The article contains plenty of numbers about CIC, the Chinese sovereign wealth fund, and biographical detail about Lou.

The tragedy of Yao’s left foot

Yao Ming will sit out the rest of the season and is at risk of underperforming at the Olympics. At Shanghai Scrap, Adam Minter blames overwork: several years of full NBA seasons plus duties for China's national team that Yao is required to perform as a patriotic athlete:

The tragedy in this - for both China and the Houston Rockets - is that Yao’s laudable efforts to please both masters has resulted in an injury that will disappoint both. The Rockets are in the midst of their best run of Yao’s NBA career, and I think it unlikely that they’ll be able to repeat it. Likewise, China’s Olympic basketball team was not expected to win in Beijing, but it surely expected to place well, and Yao’s (presumably) superb play was the key. Now it’s not even clear that Yao will play in the Olympics. But if he does manage to appear, he’ll be doing it with all of the rust that accompanies rehab from a major injury, and his team and country will suffer for it.

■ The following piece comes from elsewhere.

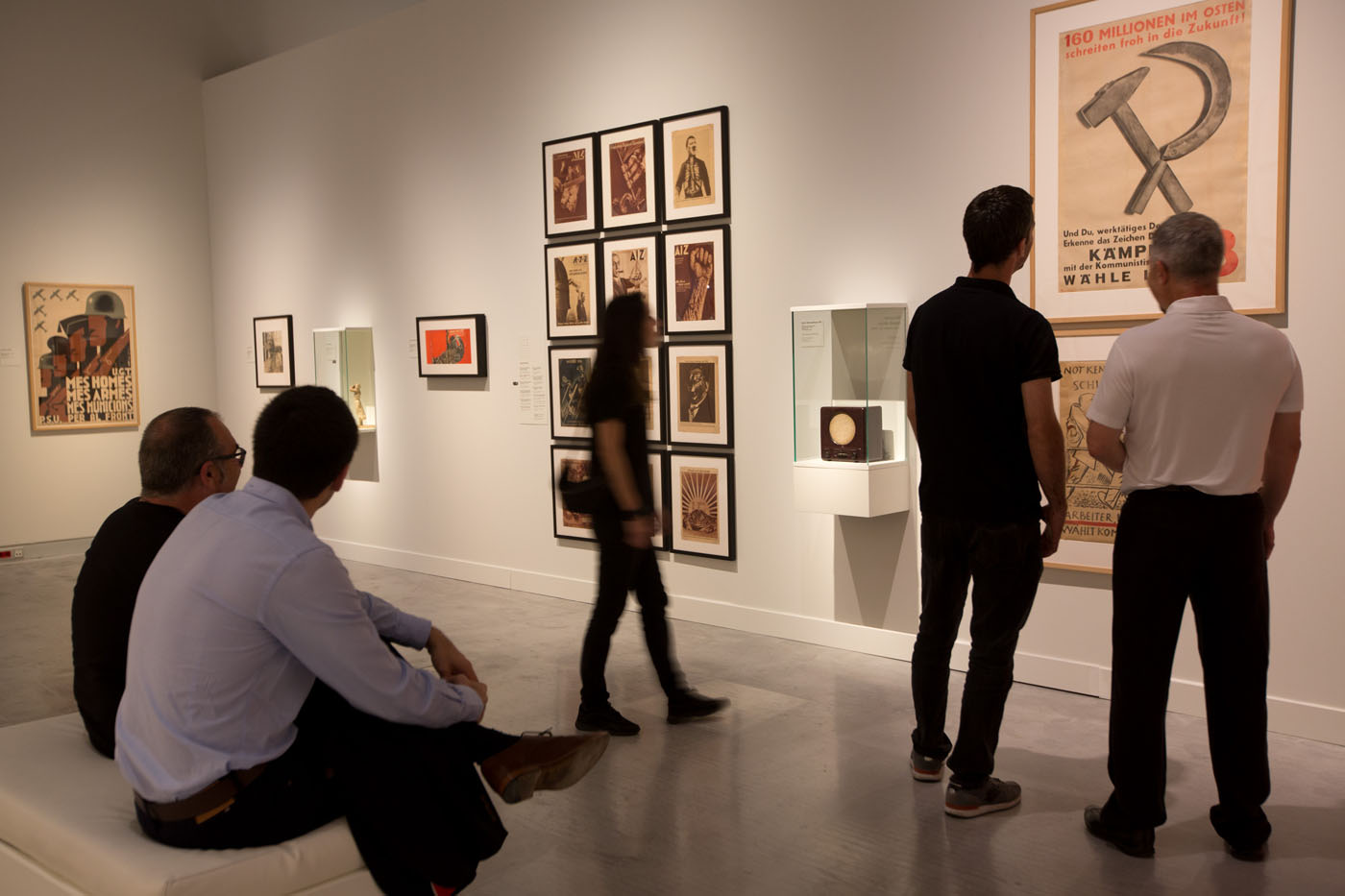 La muestra se articula en torno a tres ejes principales: creaciones poéticas y oníricas relacionadas con el dadaísmo y el surrealismo, que exploran el mundo de la fantasía, el sueño y el inconsciente; obras analíticas que experimentan con la forma y se adentran en el campo de la abstracción, y finalmente, el arte comprometido, de crítica social y propaganda política, que lanza un grito contra las injusticias y las guerras.

Mao and the marriage counselor

Jeremiah at the Granite Studio compares the Hundred Flowers Movement to a manipulative marriage spat:

Like a lot of marriages, Mao and the Party were in a bit of a rut, the passion was gone, they were missing the ZazaZoom. Not completely sure how best to rekindle the spark, Mao fell into a pattern that any $150/hour marriage counselor would quickly identify as "passive-aggressive."

First of all, his speech relied on the oft-used but fatally flawed strategy of fishing for compliments. In essence, he asked "You don’t really love me that much, do you?" — confident in his heart that there could be but one correct answer: "Yes, of course! Of course we love you Mao…"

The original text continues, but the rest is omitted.